▶ Your instructions: Copy each line below exactly as it appears. Pictures are to be omitted.

▶ Provided data:
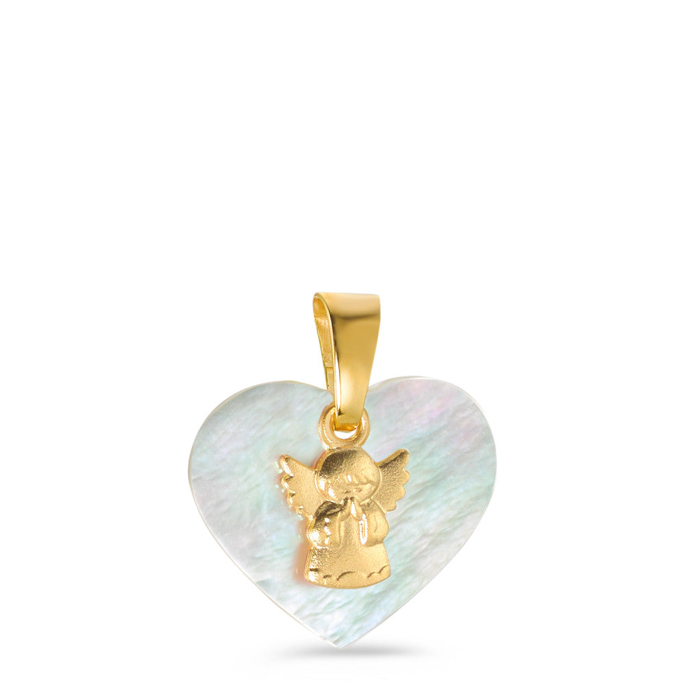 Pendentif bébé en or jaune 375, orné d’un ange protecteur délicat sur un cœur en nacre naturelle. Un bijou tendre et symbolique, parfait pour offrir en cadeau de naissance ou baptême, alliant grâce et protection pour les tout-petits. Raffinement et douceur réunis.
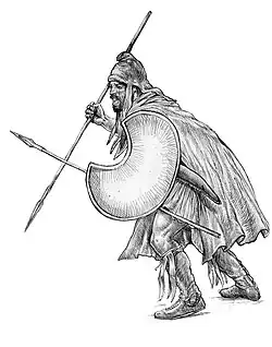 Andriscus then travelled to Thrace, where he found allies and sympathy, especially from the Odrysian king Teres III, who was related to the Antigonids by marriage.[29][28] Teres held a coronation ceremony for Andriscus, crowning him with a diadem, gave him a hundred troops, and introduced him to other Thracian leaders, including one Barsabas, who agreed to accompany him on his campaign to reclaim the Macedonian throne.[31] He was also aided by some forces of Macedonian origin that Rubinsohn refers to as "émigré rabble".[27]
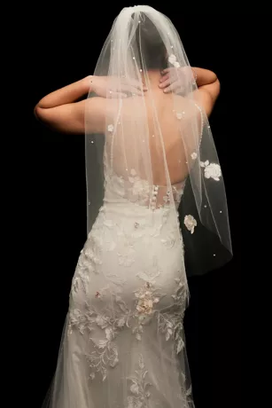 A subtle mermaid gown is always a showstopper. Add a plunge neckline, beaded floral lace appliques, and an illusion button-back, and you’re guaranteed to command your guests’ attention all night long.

▶ Exercise answer:
 Pendentif bébé en or jaune 375, orné d’un ange protecteur délicat sur un cœur en nacre naturelle. Un bijou tendre et symbolique, parfait pour offrir en cadeau de naissance ou baptême, alliant grâce et protection pour les tout-petits. Raffinement et douceur réunis.
 Andriscus then travelled to Thrace, where he found allies and sympathy, especially from the Odrysian king Teres III, who was related to the Antigonids by marriage.[29][28] Teres held a coronation ceremony for Andriscus, crowning him with a diadem, gave him a hundred troops, and introduced him to other Thracian leaders, including one Barsabas, who agreed to accompany him on his campaign to reclaim the Macedonian throne.[31] He was also aided by some forces of Macedonian origin that Rubinsohn refers to as "émigré rabble".[27]
 A subtle mermaid gown is always a showstopper. Add a plunge neckline, beaded floral lace appliques, and an illusion button-back, and you’re guaranteed to command your guests’ attention all night long.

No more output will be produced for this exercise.